§ **STORED DATA**:
○ ○ ○ ○ ○ ○ ○

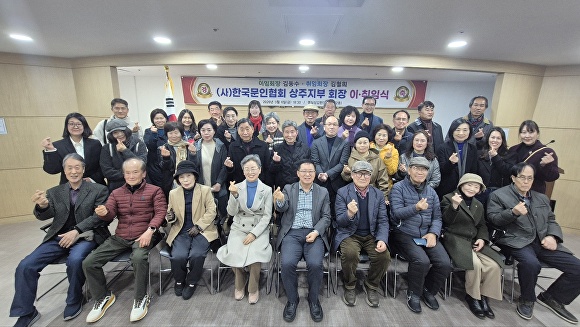 상주지부는 6일 상주시 명실상감한우프라자 2층 회의실에서 상주문협 회원과 상주예총 산하 7개 단체 지부장, 지역 문학단체 회장 및 회원 등 50여 명이 참석한 가운데 회장 이·취임식을 개최했다.
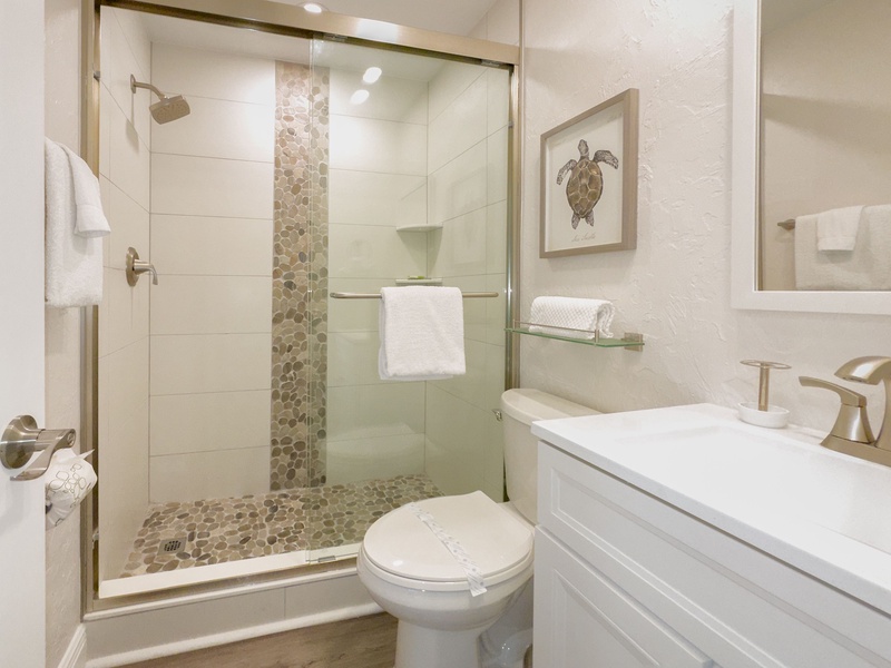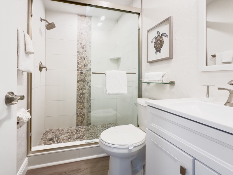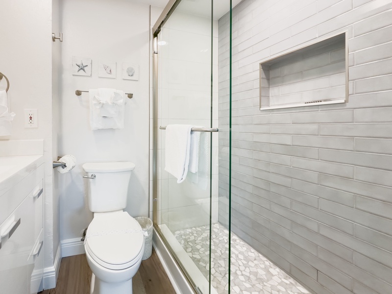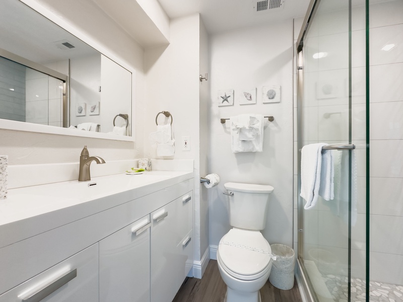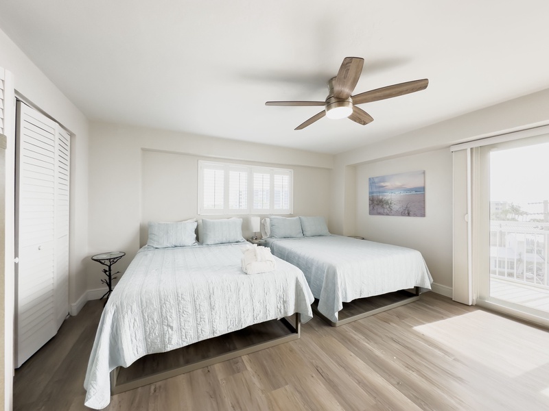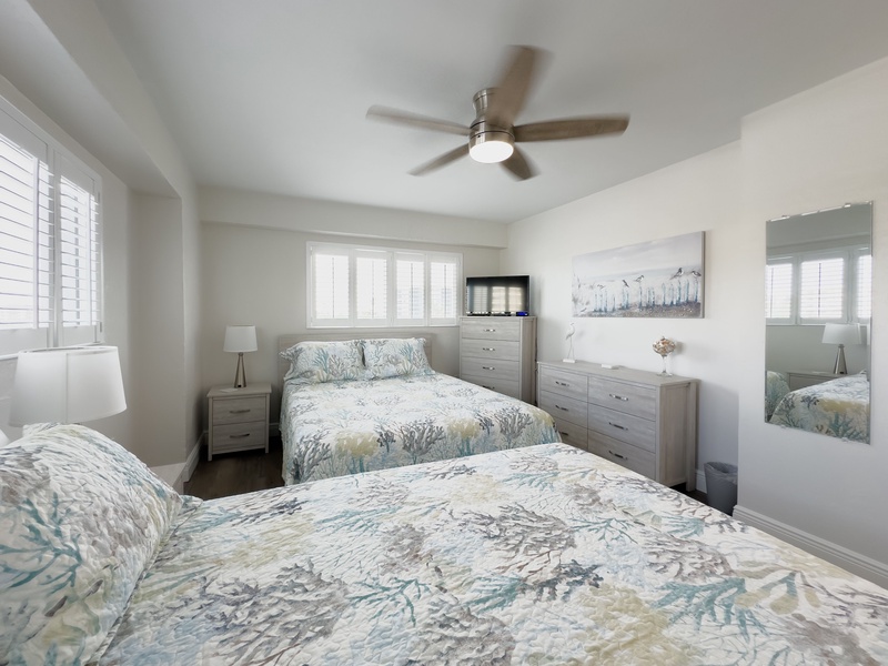 Retreat to the primary bedroom, which features two luxurious queen-sized beds and an ensuite bathroom complete with a walk-in shower for your ultimate convenience and comfort. The Second bedroom offers two queen-sized beds and easy access to the bright second bathroom, also equipped with a walk-in shower.
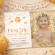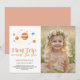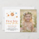 This cute boho "first trip around the sun" 1st/first birthday photo invitation features a white background with the sun in tan/beige color. The reverse side features a rosy brown background. Personalize for your needs. You can find more matching products at my store.
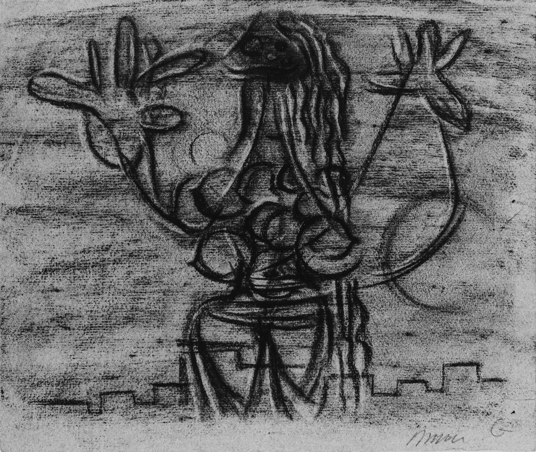 Kohle, gewischt, radiert, fixiert, auf rosafarbigem Ingres-Bütten mit Wz. l. o.: Ingres [sic]
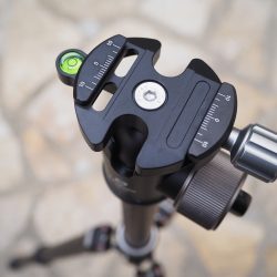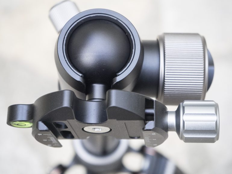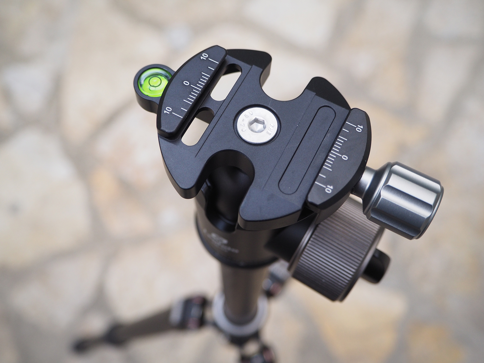 Une fois positionné sur la base de la rotule, il n’y a pas de système d’arrêt qui l’empêche de glisser ou de tomber. Il est impératif de retenir le matériel avec une main pendant que l’on dévisse le plateau sous peine de voir son boîtier chuter. Ce point est assez dommageable au regard du positionnement haut de gamme du trépied. Et, puisque nous en sommes à critiquer la rotule, notez que d’une part la vis qui permet de serrer le dit plateau est trop prêt du boîtier, ce qui fait que la manipulation est peu aisée ; et enfin le niveau à bulle, une fois le boîtier posé sur la rotule, devient difficilement lisible.

○ ○ ○ ○ ○ ○ ○

§ **YOUR INSTRUCTIONS**:
Restate the whole listing exactly as written, minus the pictures.

§ **EXERCISE OUTPUT**:
 상주지부는 6일 상주시 명실상감한우프라자 2층 회의실에서 상주문협 회원과 상주예총 산하 7개 단체 지부장, 지역 문학단체 회장 및 회원 등 50여 명이 참석한 가운데 회장 이·취임식을 개최했다.
 Retreat to the primary bedroom, which features two luxurious queen-sized beds and an ensuite bathroom complete with a walk-in shower for your ultimate convenience and comfort. The Second bedroom offers two queen-sized beds and easy access to the bright second bathroom, also equipped with a walk-in shower.
 This cute boho "first trip around the sun" 1st/first birthday photo invitation features a white background with the sun in tan/beige color. The reverse side features a rosy brown background. Personalize for your needs. You can find more matching products at my store.
 Kohle, gewischt, radiert, fixiert, auf rosafarbigem Ingres-Bütten mit Wz. l. o.: Ingres [sic]
 Une fois positionné sur la base de la rotule, il n’y a pas de système d’arrêt qui l’empêche de glisser ou de tomber. Il est impératif de retenir le matériel avec une main pendant que l’on dévisse le plateau sous peine de voir son boîtier chuter. Ce point est assez dommageable au regard du positionnement haut de gamme du trépied. Et, puisque nous en sommes à critiquer la rotule, notez que d’une part la vis qui permet de serrer le dit plateau est trop prêt du boîtier, ce qui fait que la manipulation est peu aisée ; et enfin le niveau à bulle, une fois le boîtier posé sur la rotule, devient difficilement lisible.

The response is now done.